What the task requires:
Output, exactly as written, the lines below from the one that has "LaLaGreen Deck Railing" through the one that has "В простой параллельной"; nothing else, and no pictures.

Records provided:
----
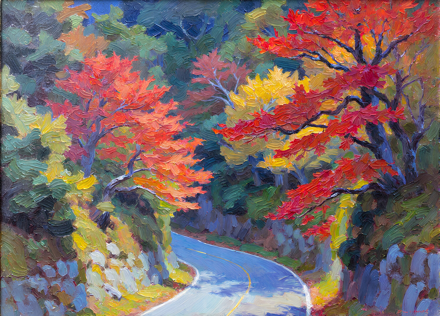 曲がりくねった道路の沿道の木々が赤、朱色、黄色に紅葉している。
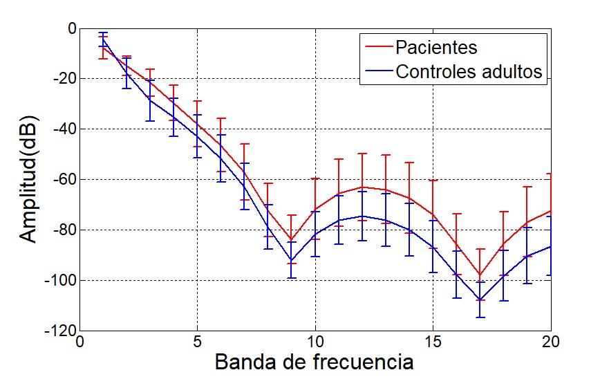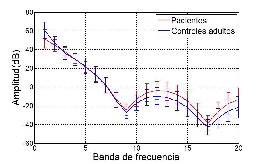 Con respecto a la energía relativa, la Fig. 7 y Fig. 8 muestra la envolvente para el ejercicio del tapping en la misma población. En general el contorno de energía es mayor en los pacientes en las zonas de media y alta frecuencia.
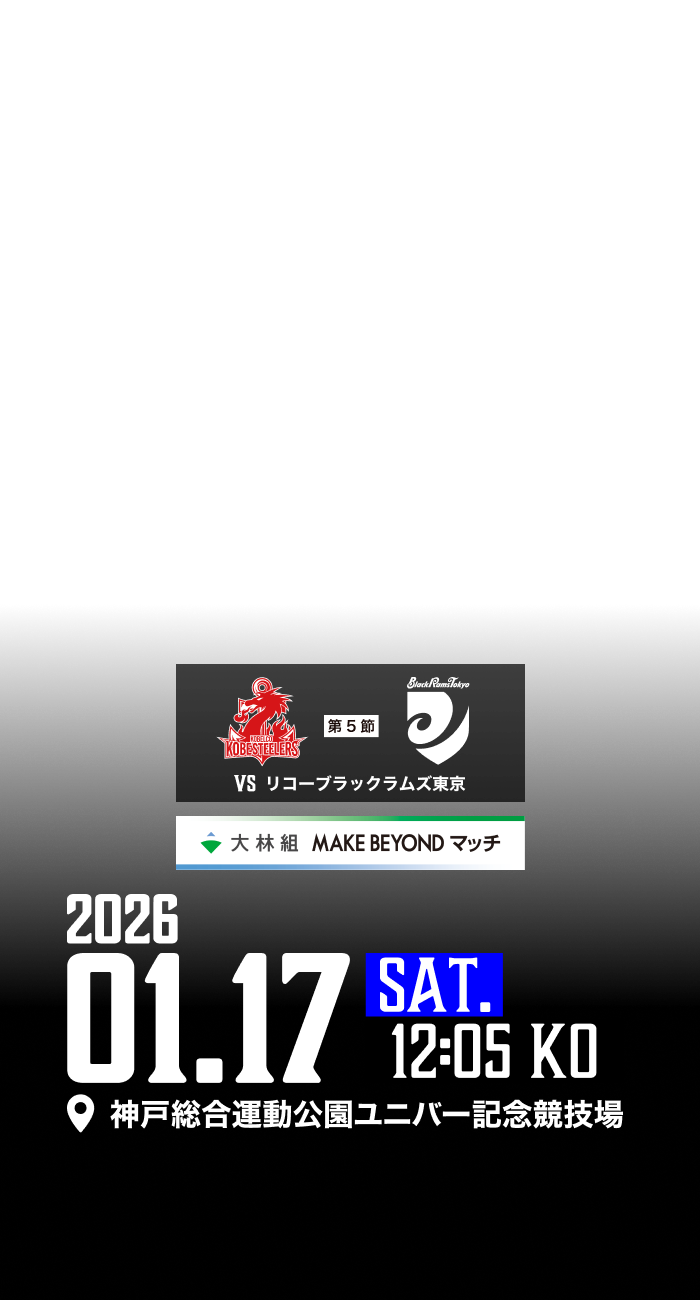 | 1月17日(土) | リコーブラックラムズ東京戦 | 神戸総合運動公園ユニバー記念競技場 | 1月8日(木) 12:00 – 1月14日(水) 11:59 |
----
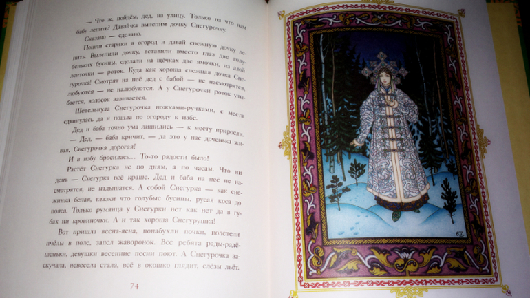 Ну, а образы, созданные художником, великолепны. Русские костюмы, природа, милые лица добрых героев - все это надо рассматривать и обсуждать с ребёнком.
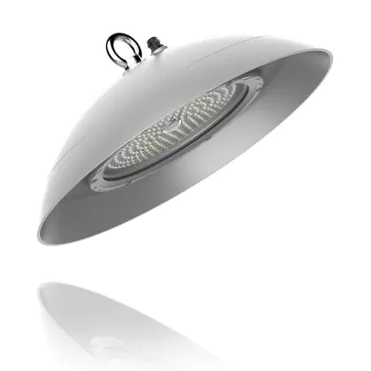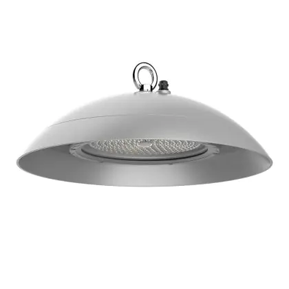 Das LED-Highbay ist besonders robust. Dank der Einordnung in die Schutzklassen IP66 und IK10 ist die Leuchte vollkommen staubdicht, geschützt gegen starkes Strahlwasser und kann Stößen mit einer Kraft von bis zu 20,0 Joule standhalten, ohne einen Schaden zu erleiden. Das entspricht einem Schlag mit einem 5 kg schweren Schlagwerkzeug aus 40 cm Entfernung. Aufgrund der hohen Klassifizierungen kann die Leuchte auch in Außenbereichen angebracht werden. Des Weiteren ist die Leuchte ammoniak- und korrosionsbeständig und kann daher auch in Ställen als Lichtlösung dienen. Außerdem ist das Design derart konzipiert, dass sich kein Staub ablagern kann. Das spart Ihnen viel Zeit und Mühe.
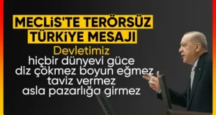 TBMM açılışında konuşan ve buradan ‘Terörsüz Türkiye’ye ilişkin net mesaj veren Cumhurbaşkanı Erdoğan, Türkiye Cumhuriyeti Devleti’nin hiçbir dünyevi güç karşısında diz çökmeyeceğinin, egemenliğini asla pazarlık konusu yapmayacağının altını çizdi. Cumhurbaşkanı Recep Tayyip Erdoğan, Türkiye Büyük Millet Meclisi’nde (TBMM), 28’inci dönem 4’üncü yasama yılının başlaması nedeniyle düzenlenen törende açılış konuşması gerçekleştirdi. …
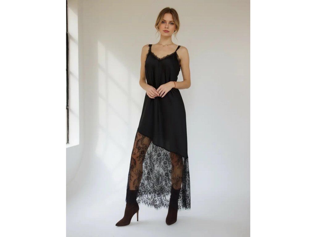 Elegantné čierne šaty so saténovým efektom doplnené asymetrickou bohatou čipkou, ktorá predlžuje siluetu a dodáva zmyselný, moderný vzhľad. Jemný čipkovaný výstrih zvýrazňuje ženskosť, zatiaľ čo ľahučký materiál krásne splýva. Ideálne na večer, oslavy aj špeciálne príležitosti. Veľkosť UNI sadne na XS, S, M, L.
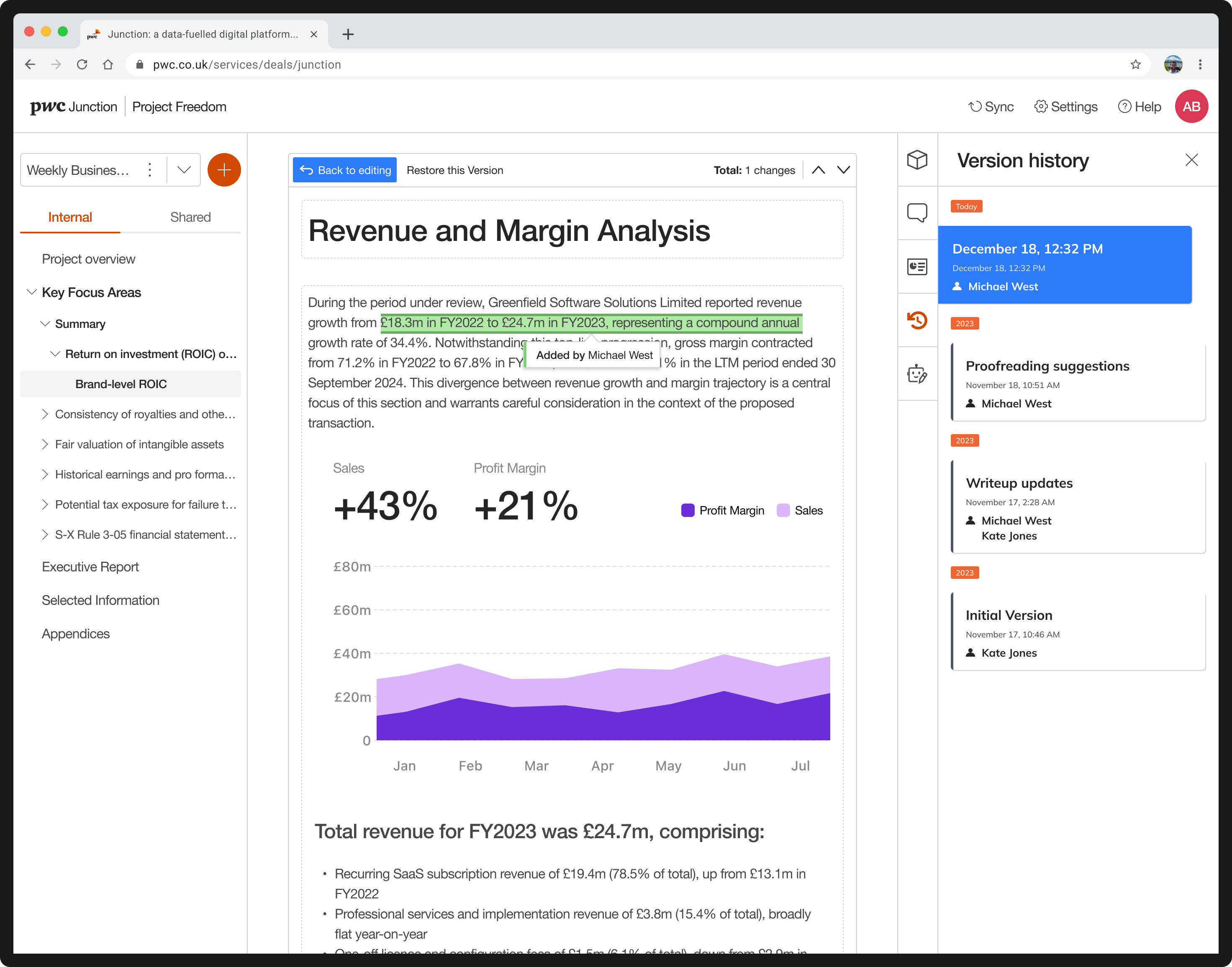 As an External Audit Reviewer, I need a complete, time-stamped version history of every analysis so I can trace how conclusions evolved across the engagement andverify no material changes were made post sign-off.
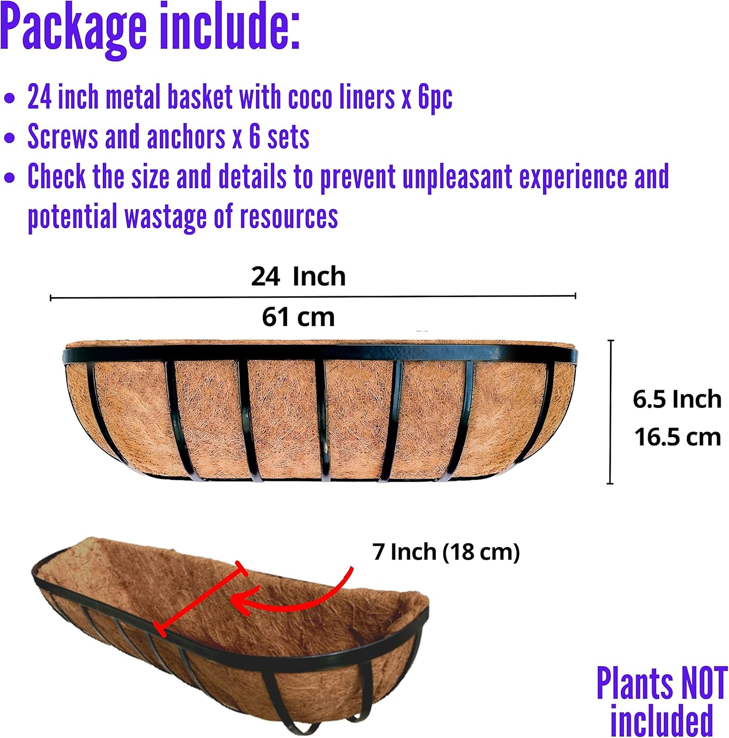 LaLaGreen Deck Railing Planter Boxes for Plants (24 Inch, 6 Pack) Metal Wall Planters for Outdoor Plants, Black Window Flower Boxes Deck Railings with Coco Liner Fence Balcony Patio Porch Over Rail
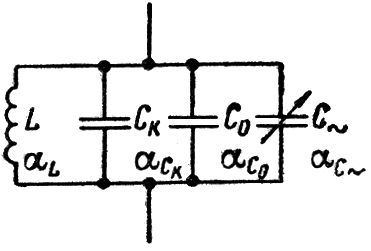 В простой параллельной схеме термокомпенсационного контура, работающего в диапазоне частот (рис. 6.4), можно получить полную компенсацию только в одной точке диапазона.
----
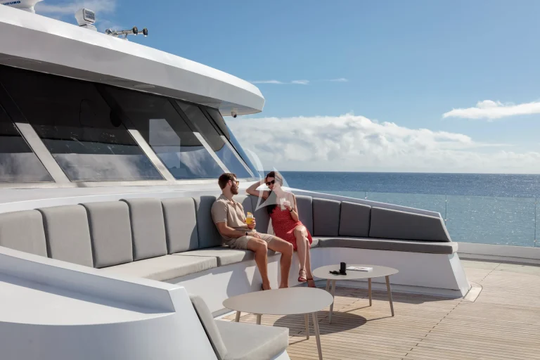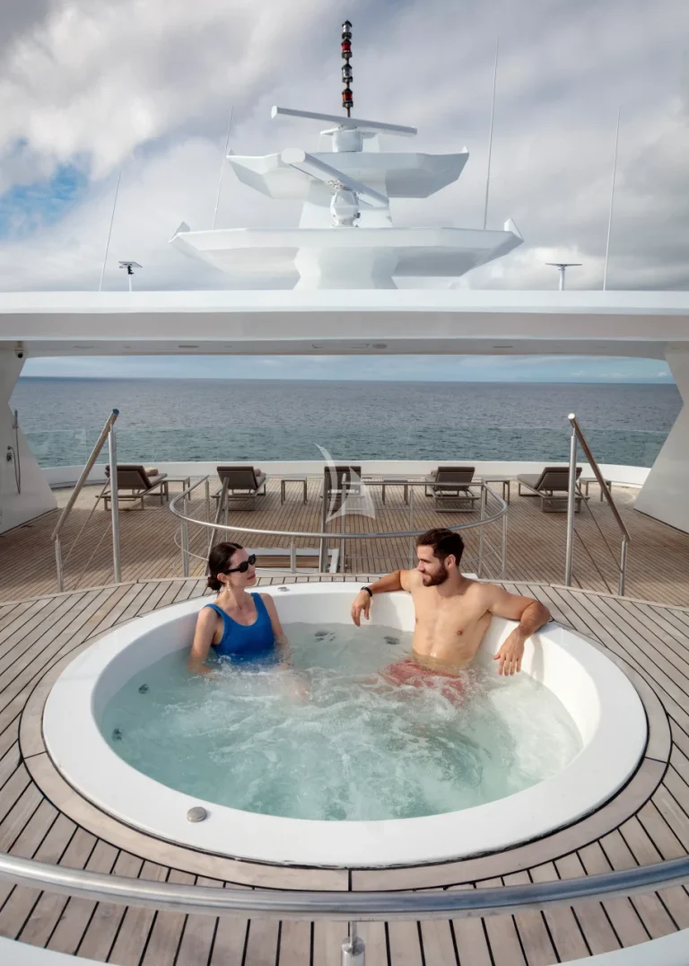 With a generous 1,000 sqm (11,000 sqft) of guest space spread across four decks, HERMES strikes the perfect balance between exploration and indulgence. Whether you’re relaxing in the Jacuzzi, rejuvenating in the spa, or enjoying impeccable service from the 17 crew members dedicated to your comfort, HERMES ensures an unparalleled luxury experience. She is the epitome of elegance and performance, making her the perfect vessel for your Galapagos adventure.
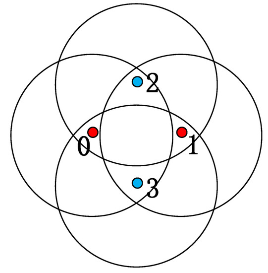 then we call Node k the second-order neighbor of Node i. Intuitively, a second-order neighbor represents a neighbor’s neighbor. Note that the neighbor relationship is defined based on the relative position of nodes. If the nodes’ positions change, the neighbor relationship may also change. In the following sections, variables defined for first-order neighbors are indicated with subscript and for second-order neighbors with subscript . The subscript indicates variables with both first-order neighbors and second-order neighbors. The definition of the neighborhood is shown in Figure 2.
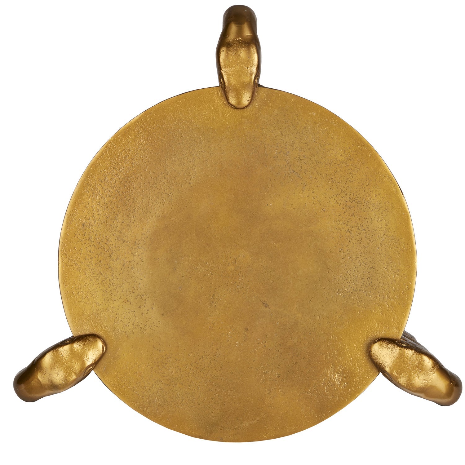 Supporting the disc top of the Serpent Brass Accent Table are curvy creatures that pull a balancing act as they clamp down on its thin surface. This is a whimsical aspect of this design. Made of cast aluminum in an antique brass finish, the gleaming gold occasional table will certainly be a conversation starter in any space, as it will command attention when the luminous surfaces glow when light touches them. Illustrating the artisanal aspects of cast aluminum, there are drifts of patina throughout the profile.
----
Response to the exercise:
 LaLaGreen Deck Railing Planter Boxes for Plants (24 Inch, 6 Pack) Metal Wall Planters for Outdoor Plants, Black Window Flower Boxes Deck Railings with Coco Liner Fence Balcony Patio Porch Over Rail
 В простой параллельной схеме термокомпенсационного контура, работающего в диапазоне частот (рис. 6.4), можно получить полную компенсацию только в одной точке диапазона.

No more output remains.